Infinite Memory, de Caroline Poggi & Jonathan Vinel
Disons-le tout net : Infinite Memory (dont on vous parlez il y a quelques jours) n’est pas de ces livres qui en mettent plein la vue au moment des fêtes de fin d’année, ces ouvrages que l’on ne lit pas vraiment mais qui s’avèrent être tellement beaux, volumineux et esthétiques qu’ils finissent illico sur la table basse – les fameux coffee table books, comme on dit outre-Manche. Belle et richement illustrée, la première monographie de Caroline Poggi & Jonathan Vinel l’est évidemment : à commencer par la manière dont les films du duo sont ici transformés en des essais photographiques, questionnant dès lors le sens de chaque image – pensée pour être mouvante, que nous raconte-t-elle une fois figée ? Il serait toutefois dommage de se priver des analyses approfondies d’Alenda Y. Chang, Béatrice Grenier ou Ingrid Luquet-Gad, notamment autour de l’imagerie des jeux vidéo, voire même du riche entretien mené par le critique Philippe Azoury, éclairant et parfait pour comprendre la richesse de cet univers singulier, à la fois cinéma-vidéo et pratique-jeu. /MD
- Infinite Memory, Anglais, 274 pages, Béatrice Grenier, 30 euros.

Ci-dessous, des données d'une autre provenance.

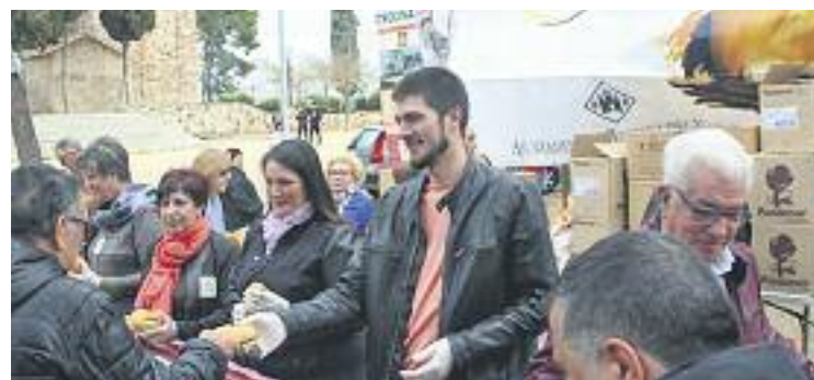
Repartiment dels panets beneïts entre els assistents.

L'associació va finalitzar la jornada amb un dels balls que organitza dedicat a totes les persones del barri, que com és habitual va omplir de gom a gom el Centre Cívic. Per acabar, l'entitat va sortejar entre tots els presents una mona de Pasqua.

Miguel Chevalier, de Miguel Chevalier
La forme est classique, le contenu finalement fidèle à ce que l’on attend d’une monographie : poser un regard complet sur l’œuvre d’un artiste, proposer un entretien inédit avec celui-ci et livrer les coulisses de certains de ses travaux les plus emblématiques. Ou, du moins, les plus récents – Digital Arabesques (2014-2024), Pixels Liquides (2019), Amphibolis (2021), Digital Moirés (2022), Pixels Wave (2024). On s’avoue toutefois séduit par l’avant-propos de Laurence Bertrand Dorléac, historienne de l’art, qui raconte avec brio une certaine histoire de l’art informatique tout en faisant de Miguel Chevalier l’héritier conscient de Manfred Mohr, Vera Molnár, Margot Lovejoy ou Herbert Franke, tous ces artistes qui « ont touché aux territoires nouveaux en bouleversant la vision des couleurs, du mouvement et de la lumière, tous dans une forme d’ivresse expérimentale qui n’a rien à voir avec le fétichisme de la machine ». Dans l’entretien, mené en janvier 2024 par Jérôme Sans, on en apprend d’ailleurs davantage sur cette tension entre nature et artifice qui semble agiter l’esprit créatif de Miguel Chevalier dans de nombreuses œuvres (Sur-Nature, Ultra-Nature, Trans-Nature), pensées comme de véritables herbariums imaginaires. Richement illustré, Miguel Chevalier se reçoit également comme une plongée analytique dans l’œuvre d’un pionnier, aujourd’hui persuadé que « les visuels générés par l’IA permettent de dépasser son potentiel créatif ». /MD
- Miguel Chevalier, Français, 288 pages, Skira Éditions, 50 euros.